During a question-and-answer session, the panelists were asked a lot about LNG and its potential role given the two proposals to liquefy some of the BC gas supplies at Kitimat and ship the gas south. In response to a question, Douglas said the Sempra Energy Costa Azul receiving terminal along the Pacific Coast in North Baja California, Mexico, would be an excellent drop-off point for the gas. Even an Oregon LNG receiving terminal might be a possibility, although the existing Canadian-U.S. transmission pipeline system is planning to move a lot of the gas to the Pacific Northwest, he said.
Staple said the gas-fired electric generation plants in the Pacific Northwest longer term constitute a probable market for the BC gas exports. He emphasized that the shale plays in BC rank among the top three in North America, so "you're talking here about something that has some real significance for markets in western North America."

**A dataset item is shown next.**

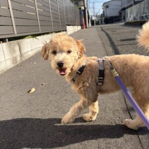オテ、オカワリ等も上手にご披露してくれますが、リードをつける動作が苦手な様子😭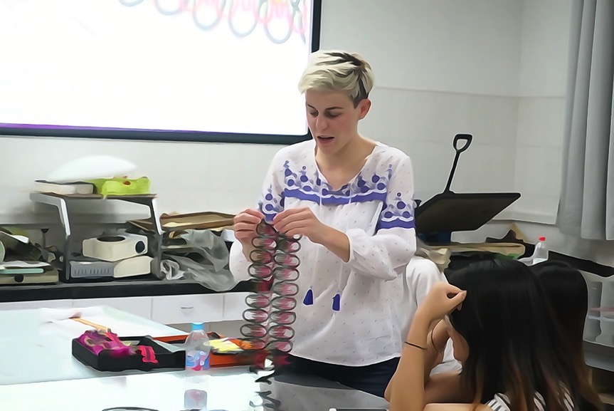 第一日的课程主要是织物的构成要素与梭织机的使用讲解。Elizabeth详细为每一位同学解释了梭织的概念,使同学们对梭织有了初步的认识的同时也对其产生了浓厚的兴趣。

In contrast, in response to a question, Nexen's Douglas said Alaska gas continues to get pushed back, although he thinks it eventually it will flow through Canada and into the United States, possibly in a 2025 time frame. The development of the infrastructure to capture the new shale gas plays in far northern BC and into the Northwest Territories is a phased, incremental way to work into an eventual Alaskan gas pipeline, he said.
"Every year I come here, I just add two more years to when the Alaskan gas can be expected," said Douglas, but on a positive note he said there is a lot of infrastructure being built farther to the north by TransCanada and others. "We''ll just keep building back toward Alaska, and we'll ultimately need it, and it will come. Three years ago I said that would be 2014, but now it is 2020 or 2025."